But he was dead. The story had been published in Polish, there was no translator on the title page. Surely he hadn’t translated it himself. And he was dead, she thought again, distracted. She leafed through the story, hands trembling, and found the name of the translator in small italics at the end of the story. Janet Bartholomew. She’d never heard of her. She could look her up on the Internet, but of course it wouldn’t do any good. The story was already translated. It was in the New Yorker. Manka wondered what the circulation of the New Yorker was. Vastly larger than Fiction Quarterly, where her own story had appeared. Or Geneseo Review, where the one before that had appeared. She liked to think she had a modest following. That readers who liked her stories checked her website to find more. Her website. Should she take it down, or would that be too obvious an admission of guilt? She should have changed the title of the story, but then she’d never imagined … she’d always dreamed there would be a book. A slender volume of short stories with one of the better small presses. Elegant, titled Winter Afternoon after the closing story. Her best, she would modestly accede, when asked by an interviewer.

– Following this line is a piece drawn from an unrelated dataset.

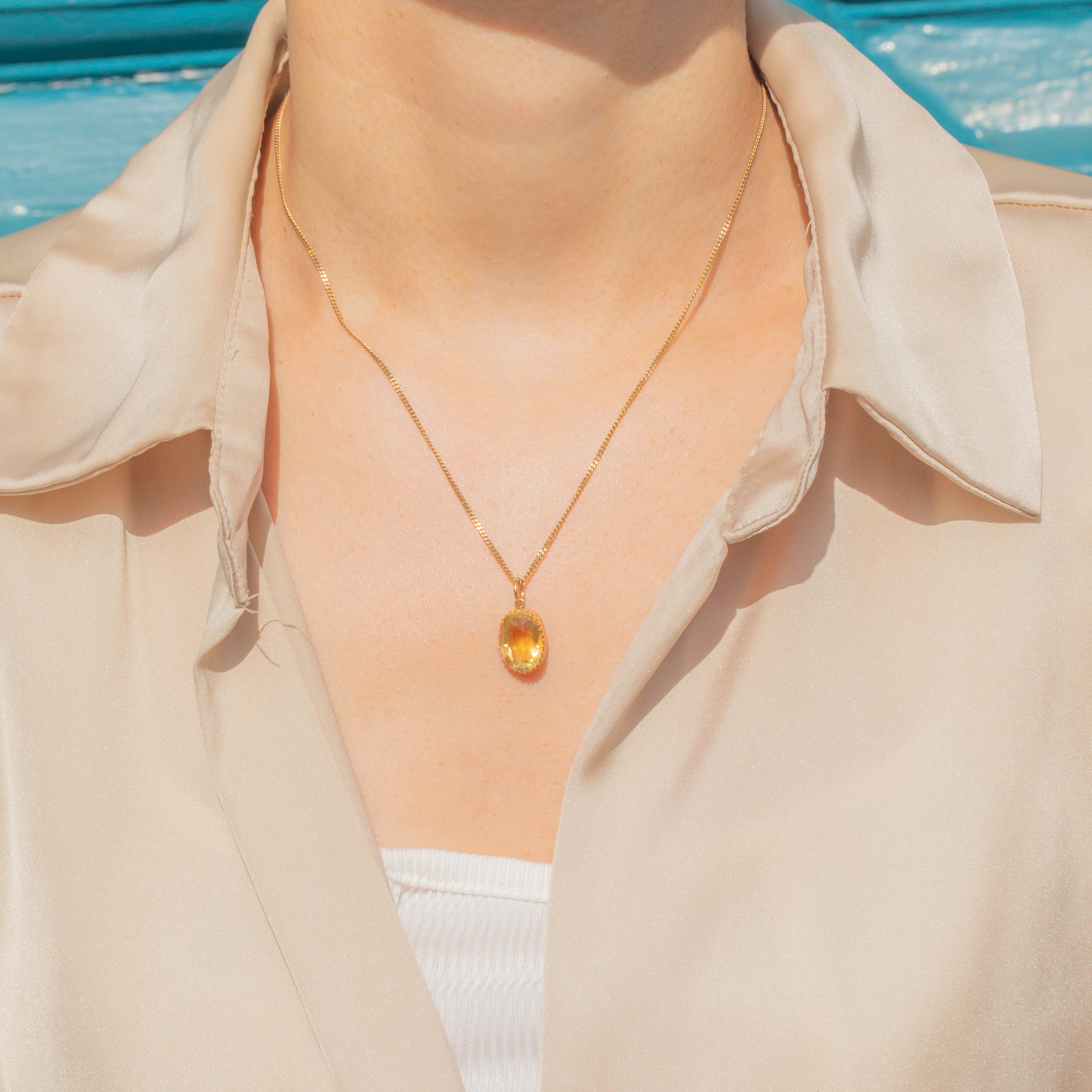 Hugging her show-stopping Citrine are claw settings, crafted from 9ct Gold, offering a buttery tone that marries perfectly with the Citrine's heartwarming hues. This Victorian Citrine pendant is just bursting with character, she is too good to resist!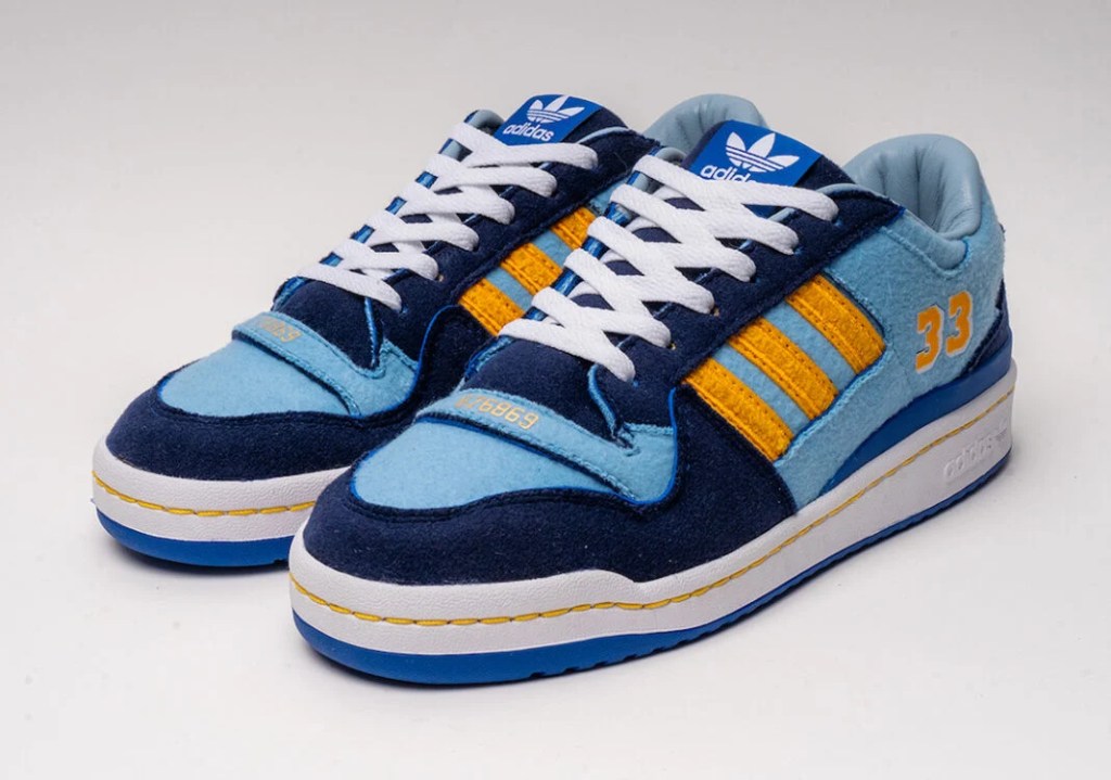 Les adidas Forum Alpha, vêtue de bleu et d’Or, s’inspirent de la carrière Lycéenne de KAJ.

Manka’s hands felt like ice, and she rubbed them together before buttoning her thin lamb’s wool sweater up to the chin.

It had all started innocently enough. After some fallow years when she’d barely written, she’d managed to make time for her writing and adhere to a strict schedule. Mondays, Tuesdays, and Wednesdays she taught, and stayed in her faculty office late into the evening until papers were graded, preparations for the following week were finished. Thursday and Friday mornings she sat down at her desk promptly at eight a.m., ready to write. She kept those days clear of engagements so that she could work straight through if she was inspired.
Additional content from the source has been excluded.